Last Updated: Oct. 25 1998

1 Introduction and Disclaimers

1.1 What is MATmarks?

MATmarks is an environment that allows users to run multiple MATLAB® programs in parallel using the shared memory programming style. The environment extends the MATLAB® language with several primitives to enable shared variables and process synchronization.

1.2 Legalese

Read this license agreement before you start downloading/installing the software.

2 Installing MATmarks

This section is not yet complete. We need to figure out how to distribute source code as well as precompiled binaries for people who only have Treadmarks® binary licenses.

2.1 System Requirements

To run MATmarks, you need to have:

2.2 Performing the Installation

Get and unzip the MATmarks package and follow the directions therein. Depending on whether you download source code or binaries, the instructions may be different. In either case you will end up with a directory full of .mex files. If you don't know what .mex files are, check the MATLAB® documentation.

Adjust your MATLAB path - the MATLAB executable must be able to see the new .mex files that came with the MATmarks package.
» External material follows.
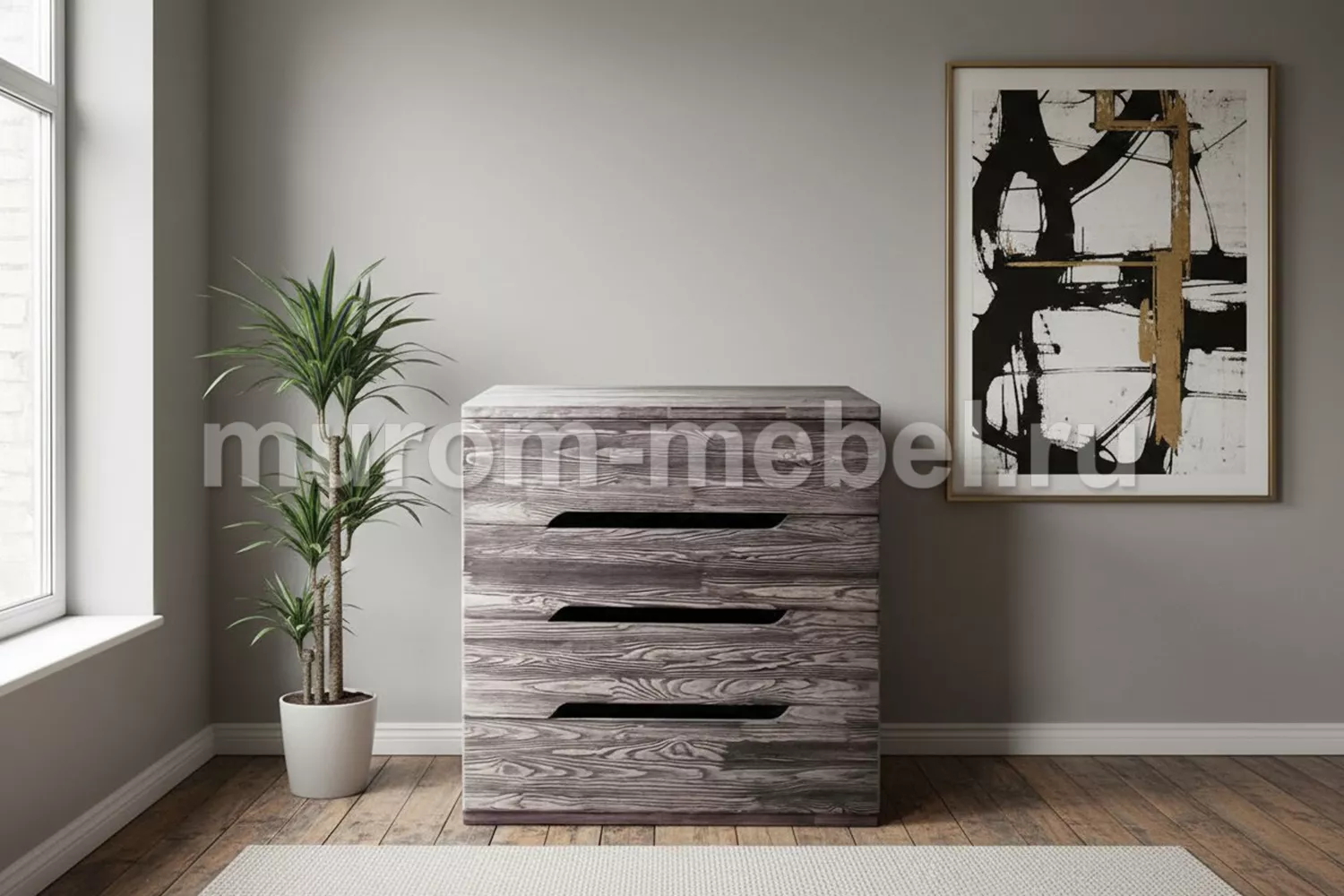 Дизайн комода простой, а способ окрашивания у модели на фото крайне необычен, поэтому она выглядит современно и интересно. Оттенок древесины покупатели могут выбрать самостоятельно. В каталоге представлена широкая цветовая палитра. Роль ручек выполняют небольшие отверстия, поэтому фурнитура на фасадах не нужна.

Check the MATLAB® documentation to see how to adjust the MATLABPATH environment variable, or just type

setenv MATLABPATH .:/home/padua2/galmasi/matmarks

Now you are done.

3 Running MATmarks

This section will help you start your first MATmarks session.

3.1 Preliminaries

  • If you haven't yet done so, this would be a great time to set your MATLABPATH environment variable to wherever you have compiled (or unzipped) the MATmarks .mex files.

    Example: setenv MATLABPATH .:/home/padua2/galmasi/matmarks

  • If you plan to always run MATmarks on the same set of machines, you could save yourself some typing by preparing a file called .Tmkrc in your home directory. This file should list all the hosts you plan to run MATmarks on in the correct order, separated by newlines. For more on this check the documentation of the TreadMarks® package.

  • You may have to edit the tkmarks script file to adjust the location of the Tk executable (usually called wish). If you don't know what this is all about, don't worry - we will come to back to it later.

    3.2 Running MATmarks Manually

    This is intended just for testing that MATmarks works. Start two instances of MATLAB® on the first two machines specified in your .Tmkrc file. Into the first window type
    This command will not return immediately, but will hang and dump out the text of another "MMK_Init" command, similar to what you just typed but with more arguments.

    Cut-and-paste this second MMK_Init command into the window of the second interpreter. Now both interpreters should present you with a prompt.

    If you got this far, MATmarks is now up and running. Type MMK_Barrier into one of the windows; it should hang the interpreter until you type MMK_Barrier into the second window, too. You are now set to run any MATmarks code you can dream up on two processors. The process is similar on any number of processors where n>1. You can run MATmarks on a single processor, but it doesn't make much sense, except for testing purposes, do to so.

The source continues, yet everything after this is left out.